For as long as “History” with a capital ‘H’ has been written, Indigenous peoples have been placed outside its circle. Consequently, whole groups of peoples, whole continents like Australia, and whole spans of human time, are missing from history’s scope.

Why have Indigenous peoples become History’s outsiders? One reason is the formal discipline of history originated in Europe and was based on analysing written texts.

Traditionally History has used books and articles to share its findings. It has also relied on documentary archives for its data. Yet Indigenous cultures the world over had their own methods of maintaining History: story telling, art, ritual, dance and song.

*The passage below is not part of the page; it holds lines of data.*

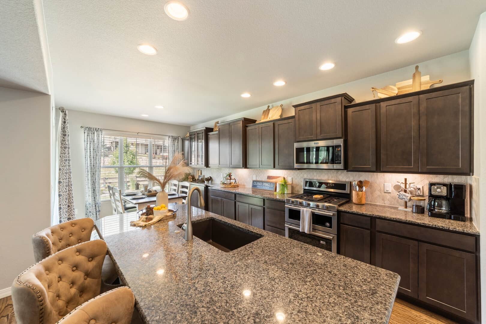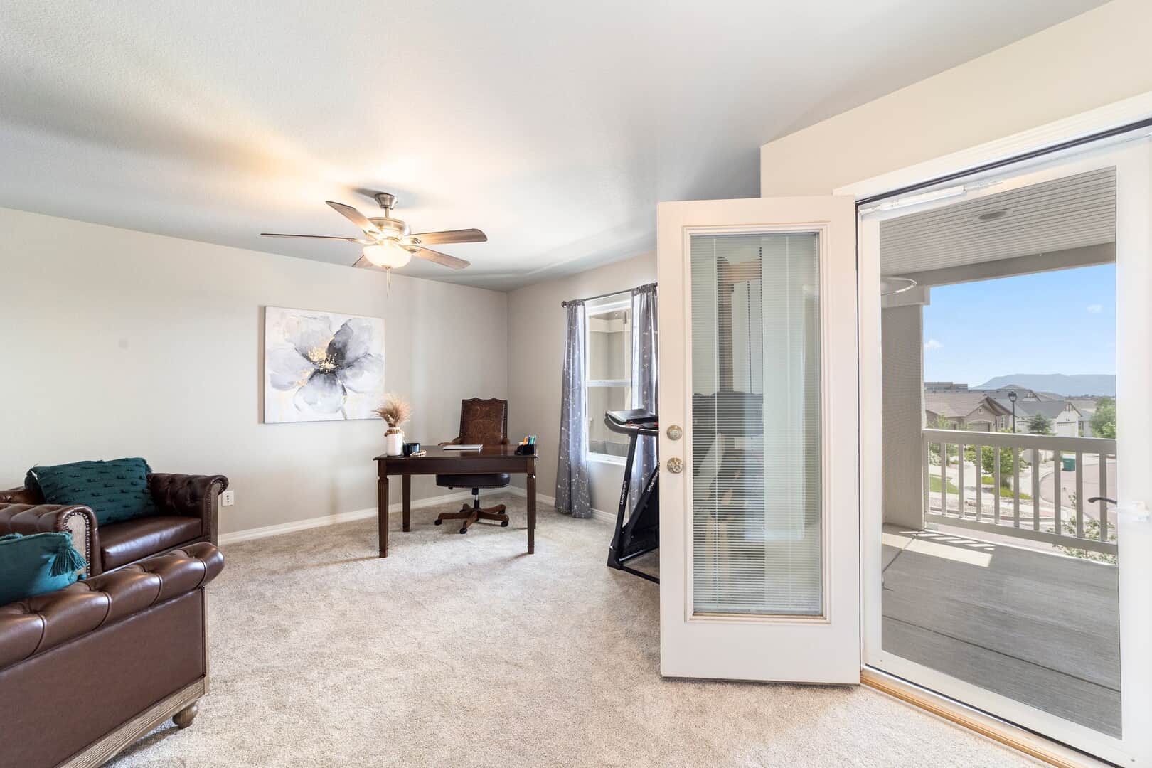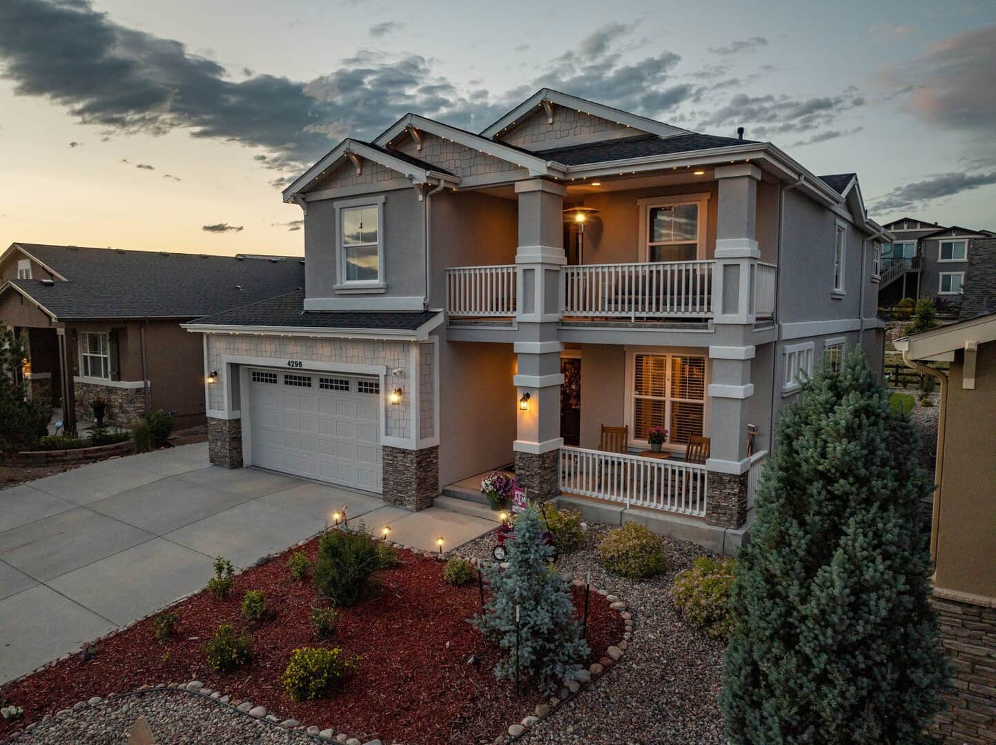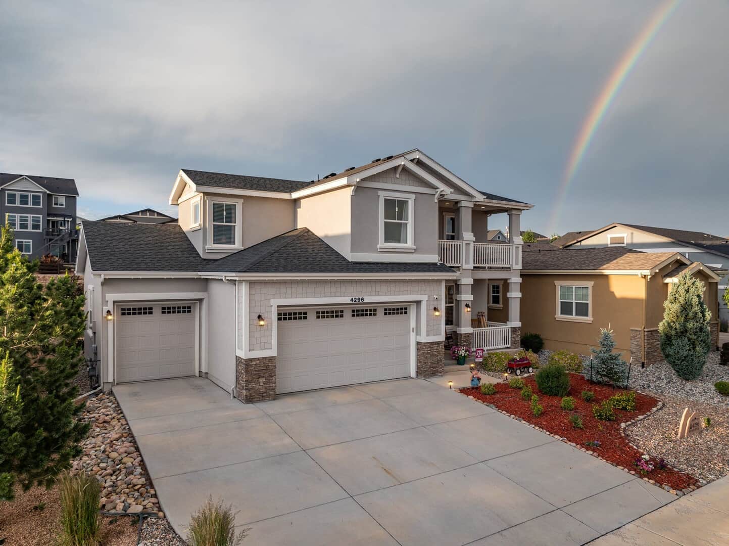 From the moment you arrive, this stunning Cordera home captures what we all love about life on the Front Range: space, light, and jaw-dropping views of Pikes Peak that greet you from every west-facing window. Step inside and discover a beautifully designed living space and elegant touches throughout. At the front of the home, a dedicated main-level office provides a dream work-from-home setup—with picturesque mountain views right from your desk. It’s hard to imagine a more inspiring space. The kitchen is sure to impress with rich, extended cabinetry, sleek granite countertops, & stainless steel appliances with a dual oven gas range. The adjacent formal dining room sets the stage for holidays and celebrations while the eat in dining space flows seamlessly to the great room to create conversation & connection around the stately fireplace with wooden mantel. Upstairs, The primary suite is a sanctuary, featuring a soaker tub, walk-in shower, 2 separate vanities, & walk-in closet. Brand new carpet adds comfort to the entire upper level. Down the hall experience 2 additional bedrooms each with stunning views, a large laundry room & a full guest bath. The spacious loft leads to a private balcony that might just become your favorite place in the house. Uninterrupted 180-degree views of the Front Range and Pikes Peak stretch out before you—perfect for morning coffee, evening sunsets, or simply a breath of fresh mountain air. Downstairs, a massive rec room offers all the space for games, movies, & expansion—already pre-plumbed for a wet bar. Well equipped with ample storage & complete with an additional bedroom & guest bath. Outside, a covered patio backs to a scenic walking trail & offers beautiful landscaping. Bring all your toys and oversized trucks! The rare 4-car garage gives you all the space you need! Whether you’re working, hosting, relaxing, or just gazing westward—this home delivers the Colorado lifestyle in every direction.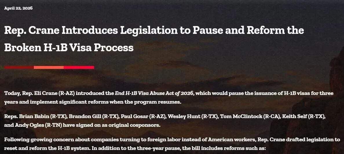 当地时间 4 月 22 日,美国亚利桑那州共和党众议员伊莱・克兰(Eli Crane)联合7名众议院共和党同僚,正式向国会提交了《2026 年终结H-1B签证滥用法案》(End H-1B Visa Abuse Act of 2026)。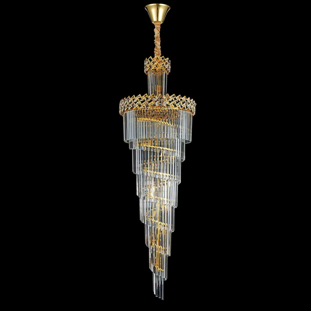 Adauga o nota de rafinament si spectaculozitate in incaperile cu tavane inalte cu Candelabrul Cristal WINDSOR Altiora, creat special pentru scari interioare, holuri ample sau zone de living aerisite cu design arhitectural grandios. ✔️ Diametru: 60 cm ✔️ Inaltime corp: 180 cm ✔️ Materiale: metal auriu lucios + cristale decorative transparente ✔️ Recomandat pentru: scari interioare, holuri deschise, spatii cu tavan inalt, receptii elegante Designul sau impunator pe verticala transforma acest candelabru intr-un punct focal captivant. Cristalele amplasate cu precizie reflecta lumina intr-un joc armonios de scantei, in timp ce finisajul auriu lucios adauga o senzatie de opulenta si rafinament. WINDSOR Altiora este alegerea ideala pentru cei care doresc sa lumineze cu stil si eleganta incaperi de proportii generoase. Cu inaltime reglabila prin lantul inclus, candelabrul se adapteaza perfect oricarui context decorativ.
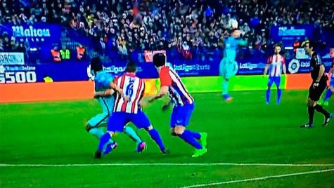 Fue de Koke Resurrección sobre Luis Suárez dentro del área, lo que habría anulado todo lo posterior. Precisamente con esa clara falta, el canterano rojiblanco impedía al uruguayo llegar a defender el hueco creado que aprovechó Godín para centrar.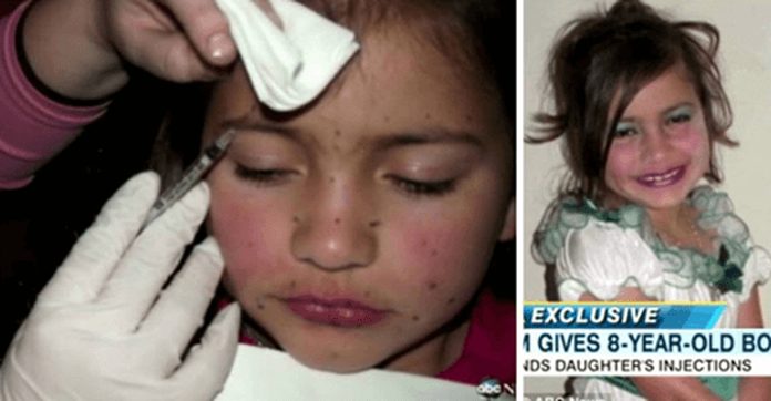 8. Тревожным является тот факт, что 8-летняя девочка сама хочет, чтобы ей делали все эти инъекции. По ее словам: «Я каждый день смотрю на себя в зеркало, и у меня начинают появляться морщинки».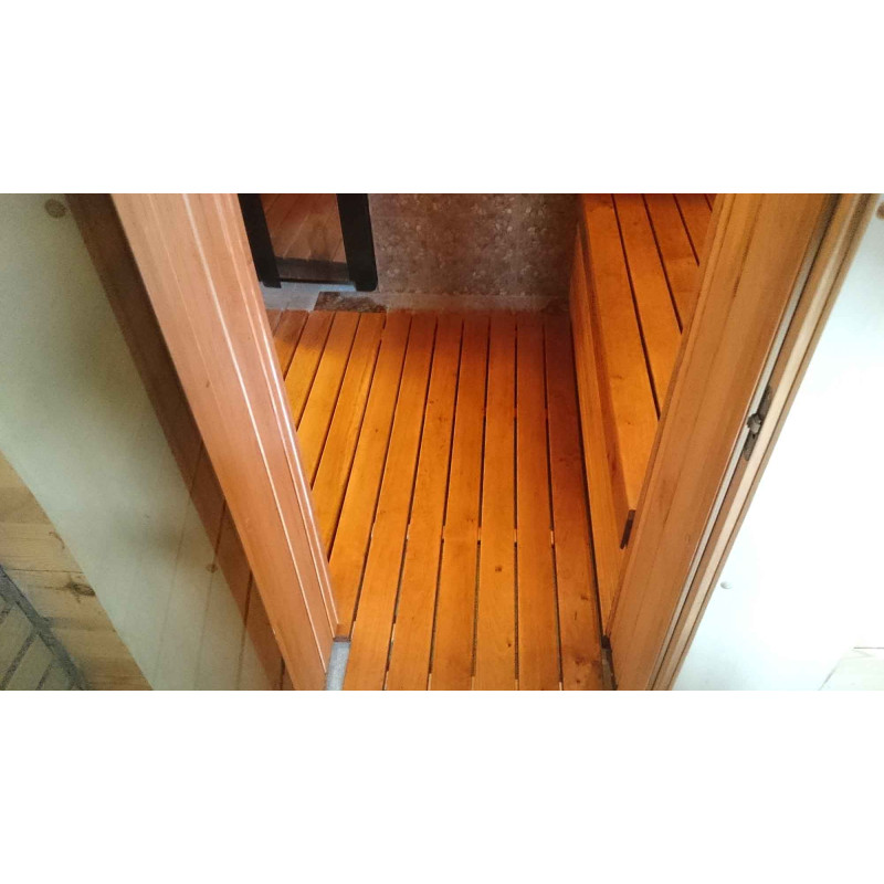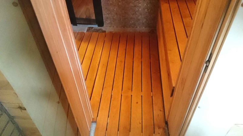 De sauna is voorzien van een heater geschikt voor intensief gebruik - Narvi Steam Master. Het krachtige apparaat kan tot 100 kg stenen bevatten. Deze kachel van het gesloten type verzamelt warmte en produceert veel stoom. Warmte hoopt zich op onder een gesloten deksel in grote hoeveelheden stenen. Zo raakt de sauna niet oververhit en droogt de lucht niet uit. Water wordt op de stenen gegoten door het deksel te openen.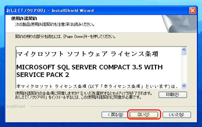 - 『マイクロソフト ソフトウェア ライセンス(Microsoft® SQL Server Compact)使用許諾契』が表示されたら、条項の内容を確認し、同意する場合は【はい(Y)】をクリックします。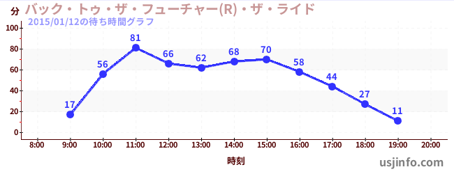 • バック・トゥ・ザ・フューチャー(R)・ザ・ライド$B$N(B2015年01月12日の待ち時間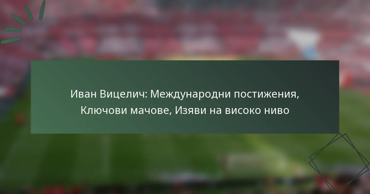 Иван Вицелич: Международни постижения, Ключови мачове, Изяви на високо ниво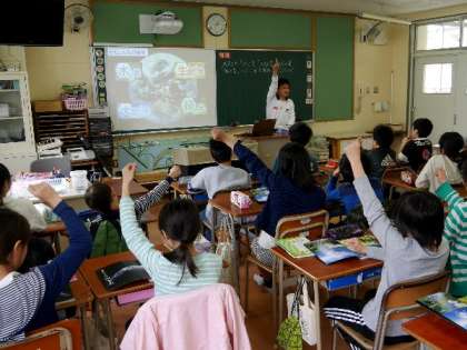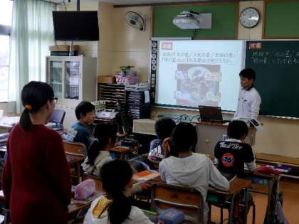 高学年の理科の授業が始まりました。教室に設置された超短焦点プロジェクタと新しい授業用パソコンを使って、プレゼンで授業を進めています。映像での授業はわかりやすいですね。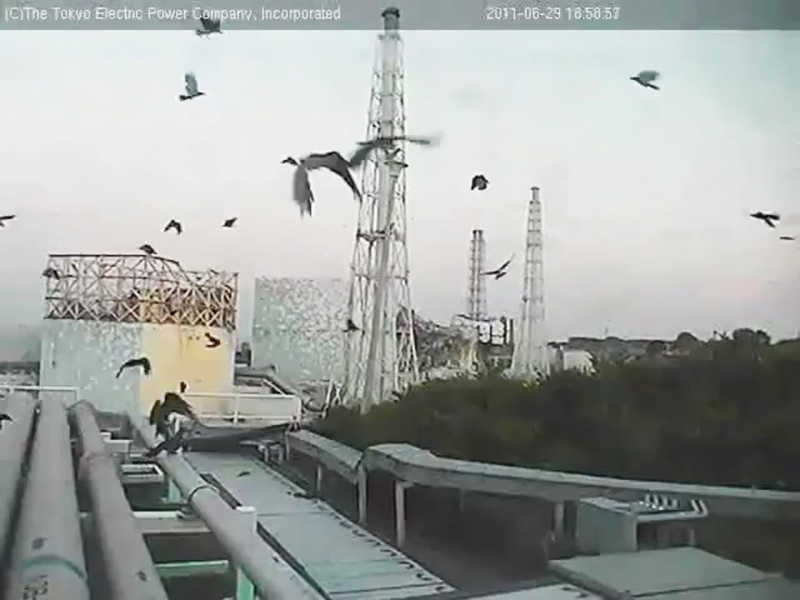 En juin 2011, trois mois après la catastrophe de la centrale nucléaire de Fukushima Daiichi, suite à un puissant séisme et le tsunami qui s’ensuivit, l’exploitant Tepco installait une livecam sur le site sinistré. Accessible librement sur Internet, ce plan fixe frontal constitue le matériau exclusif du film de Philippe Rouy. Si Tepco, dans un souci de transparence opaque, prétendait donner à « voir » ce qui était et est toujours en cours, ce sont paradoxalement les éléments périphériques qui occupent ici notre attention : variations climatiques, déambulation fantomatiques des « décontaminateurs », le passage d’un renard, d’un vol d’oiseaux…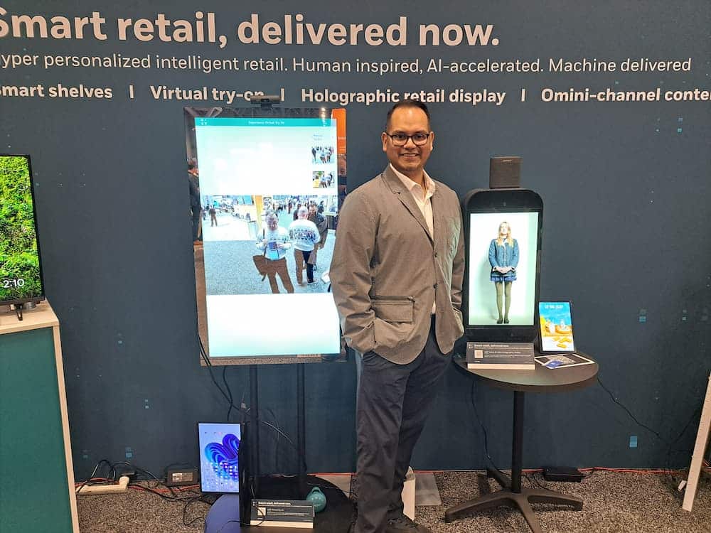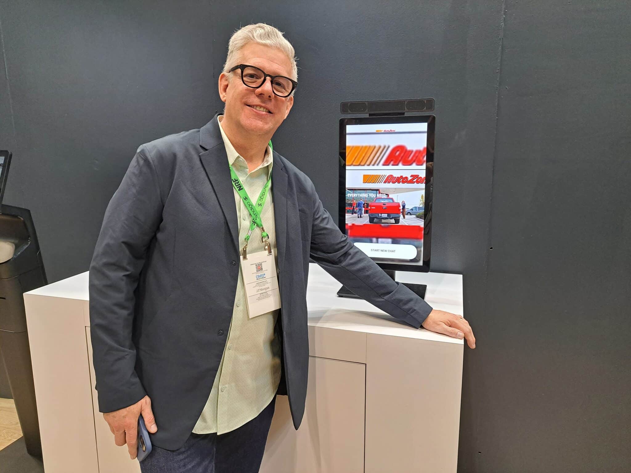 - Ken Froese presents the virtual interactive brand ambassador at the Star Micronics exhibit.

Many cultures still practice these today.

In our collection, The Routledge Companion to Indigenous Global History [1], we reveal no truly global history can be written unless we take account of the depth, scale and scope of Indigenous histories.

Our book assembled a wide range of contributors (Indigenous and settler), working across a vast array of geographical locations, including Africa, Asia, Northern Europe and the Americas. The collection spans many time-zones - from the human journey out of Africa hundreds of thousands of years ago detailed by Martin Porr to the forced migrations of North American peoples in the 1820s and 30s, to the intermixed groups arising from slavery in the Caribbean.

Indigenous authors include Paulette Steeves, May-Britt Öhman, Kirstine E. Møller, Kella Robinson, Judi Wickes, and John Maynard. These authors reconnect with their traditions through an exploration of early Native American archaeology, Saami fishing stories, and the hidden stories of Australian Indigenous identity. These personal accounts repeatedly show us we have much to learn from Indigenous histories. Not only in their content, but also in their ways of telling.

Read more: For too long, research was done on First Nations peoples, not with them. Universities can change this[2]

Indigenous peoples histories

Over aeons, Indigenous peoples have developed a vision of a world shared by people and their environment - the animals, plants and their entangled stories. It is one that is mutually interdependent and intimately interconnected. It is emotional and nurturing.

During the age of discovery - when imperial and colonial powers mapped, documented and occupied their lands - Indigenous people were observed, but often as a background, fast disappearing presence. Expected to soon disappear, in Australia they were the “dying race.[3]

Traditionally, Western historians have focused on change, key moments and events. As a result Indigenous peoples prior to European arrival have been seen, incorrectly[4], as unchanging people confined to a timeless zone, a kind of limbo before History itself began.

Indigenous people were not unchanging, but rather, they were inventive and dynamic. Indigenous people’s long custodianship of their forests, rivers, and seas offer pathways to a more sustainable future. In the mounting climate emergency that the world faces today, Indigenous people’s knowledge is more important than ever.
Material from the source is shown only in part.